Spec 2 Included : TRUE
Spec 2 Label: 19-Flat2-HS3   
Spec 3 Included : FALSE
Spec 3 Label: 4-1-Bead1-HS3

Now I want to edit XML texts; 现在我想编辑XML文本; i,e. I,E。 I want to replace the field (n/a) with the corresponding values from the text file. 我想用文本文件中的相应值替换字段(n / a)。 Like I want the file to looks like 就像我希望文件看起来像

<?xml version="1.0" encoding="UTF-8" ?> 
- <ParameterData>
  <CreationInfo date="10/28/2009 03:05:14 PM" user="manoj" /> 
- <ParameterList count="85">
- <Parameter name="Spec 2 Included" type="boolean" mode="both">
  <Value>TRUE</Value> 
  <Result>TRUE</Result> 
  </Parameter>
- <Parameter name="Spec 2 Label" type="string" mode="both">
  <Value>19-Flat2-HS3</Value> 
  <Result>19-Flat2-HS3</Result> 
  </Parameter>
- <Parameter name="Spec 3 Included" type="boolean" mode="both">
  <Value>FALSE</Value> 
  <Result>FALSE</Result> 
  </Parameter>
- <Parameter name="Spec 3 Label" type="string" mode="both">
  <Value>4-1-Bead1-HS3</Value> 
  <Result>4-1-Bead1-HS3</Result> 
  </Parameter>
  </ParameterList>
  </ParameterData>

I am new to this Python-XML coding. 我是这个Python-XML编码的新手。 I dont have idea about how to edit the text fields in a XML file. 我不知道如何编辑XML文件中的文本字段。 I am trying to Use elementtree.ElementTree module. 我正在尝试使用elementtree.ElementTree模块。 but to read the lines in XML file and extract the attributes I dont know which modules need to be imported. 但要读取XML文件中的行并提取属性,我不知道需要导入哪些模块。

Please help. 请帮忙。

Thanks and Regards. 谢谢并恭祝安康。

You can convert your data text into python dictionary by regular expression 您可以通过正则表达式将数据文本转换为python字典

data="""Spec 2 Included : TRUE
Spec 2 Label: 19-Flat2-HS3
Spec 3 Included : FALSE
Spec 3 Label: 4-1-Bead1-HS3"""

#data=open("data.txt").read()

import re

data=dict(re.findall('(Spec \d+ (?:Included|Label))\s*:\s*(\S+)',data))

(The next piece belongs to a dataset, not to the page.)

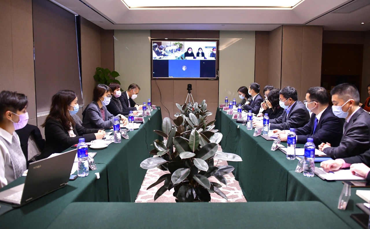 In order to effectively implement the requirements of the "Greater Bay Guangdong-Hong Kong-Macao Development Planning Guidelines" regarding the improvement of the cross-border mechanism for exchanging information on combating money laundering and terrorist financing, GIF periodically meets with the financial intelligence units (FIUs) of Mainland China and Hong Kong SAR, namely the China Anti-Money Laundering Monitoring and Analysis Center (CAMLMAC) of the People's Bank of China (PBOC) and the Hong Kong Joint Financial Intelligence Unit (HKJFIU). To further strengthen the cross-border exchange and cooperation between FIUs of Mainland China, Hong Kong SAR and Macao SAR in the fight against money laundering, the Director of GIF, Ms. Chu Un I, Deputy Director, Ms. Fong Iun Kei, Functional Chiefs Ms. Chan Ka Sin and Ms. Vong Man Ieng, went to Zhuhai on 23rd December 2020 to join with representatives of CAMLMAC to attend an online meeting with HKJFIU.

data will be as follows data如下

{'Spec 3 Included': 'FALSE', 'Spec 2 Included': 'TRUE', 'Spec 3 Label': '4-1-Bead1-HS3', 'Spec 2 Label': '19-Flat2-HS3'}

Then you can convert it by using any of your favoriate xml parser, I will use minidom here. 然后你可以使用任何你喜欢的xml解析器转换它,我将在这里使用minidom。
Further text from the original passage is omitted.